4.4. Molecular Methods

Plasmid DNA from S. cerevisiae FY834 as well as E. coli Top10 F′ (Invitrogen, Darmstadt, Germany) was isolated with the NucleoSpin® Plasmid Kit (Macherey-Nagel, Dueren, Germany). Genomic DNA from F. fujikuroi was extracted from lyophilized and ground mycelium following the protocol of Cenis [51]. For Southern blot analysis [52] of deletion mutants for ectopically integrated deletion cassettes, genomic DNA digested with an appropriate restriction enzyme (Thermo Fisher Scientific, Schwerte, Germany) was separated in a 1% (w/v) agarose gel and transferred to a nylon membrane (Nytran™ SPC, Whatman, Sanford, FL, USA) by downward alkali blotting [53]. Membranes were hybridized with 32P-labeled probes that were generated with the random oligomer-primer method [54], while 5′ or 3′ flanks (Table S2) were used as templates.

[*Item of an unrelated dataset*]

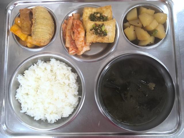 현미찹쌀밥쇠고기미역국(5.6.16.)떡볶음/튀김만두(1.5.6.10.13.16.18.)두부양념구이(5.6.13.)감자조림(5.6.13.)배추김치(9.)* 에너지/단백질/칼슘/철 797.8/29.8/225.7/4.5
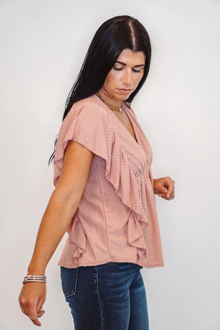 Oh my goodness, this top is pretty! Dusty pink solid dot blouse, with oversized ruffle cap sleeves, V neckline, and an open back with an adjustable tie closure. Featuring an elastic waistband for a fitted silhouette, and lightweight fabric for a flowy feel. This top has it all! The dusty pink color is so flattering, you’ll want to wear this cutie everywhere!

Southern blot analyses of ΔPKS-NRPS1, ΔDA, ΔER, ΔTF23, and ΔMFS-T deletion mutants can be found in Figures S11–S15. PCR amplification was performed by using BioTherm™ DNA Polymerase (GeneCraft, Luedinghausen, Germany), TaKaRa LA Taq® DNA Polymerase (Takara Bio, Saint-Germain-en-Laye, France) or Phusion® High-Fidelity DNA Polymerase (Finnzymes, Vantaa, Finland) according to the manufacturer’s instructions.
For RNA extraction from lyophilized and ground mycelium, the TRI Reagent™ (Sigma-Aldrich, Steinheim, Germany) was used. Total RNA (20 µg) was separated in a 1% (w/v) denaturating agarose gel [54] for expression analysis by Northern blot [55]. The RNA was transferred to a nylon membrane (Nytran™ SPC, Whatman, Sanford, FL, USA) and was hybridized with 32P-labeled probes as described above [54]. Probes, ca. 1 kb fragments of the genes of interest, were generated by PCR with primer pairs WT_F/WT_R for FFUJ_02218-FFUJ_02225 (Table S2) as well as eqxD_OE_F/eqxD_OE_R for F. heterosporum eqxD (Table S3). For expression analysis by qRT-PCR, DNA in 1 µg of total RNA was first removed by digestion with DNase I (Thermo Fisher Scientific, Schwerte, Germany), and then was transcribed into cDNA applying oligo dT primers and SuperScript® II Reverse Transcriptase (Invitrogen, Darmstadt, Germany) according to the manufacturer’s instructions. The qRT-PCR used the iQ SYBR Green Supermix (Bio-Rad, Muenchen, Germany) in a C1000 Touch™ Thermal Cycler with a CFX96™ Real-Time System (Bio-Rad, Muenchen, Germany). For quantifying transcript levels of the genes of interest (PKS-NRPS1, DA, ER, TF22, TF23, MFS-T) and of the constitutively expressed reference genes (FFUJ_07710, a GDP mannose transporter gene; FFUJ_05652, a related actin gene; FFUJ_08398, an ubiquitin gene), the primers listed in Table S4 were used. The annealing temperature was 60 °C and primer efficiencies were between 90% and 110%. Two technical and two biological replicates were carried out and the results were calculated with the ∆∆Ct-method [56].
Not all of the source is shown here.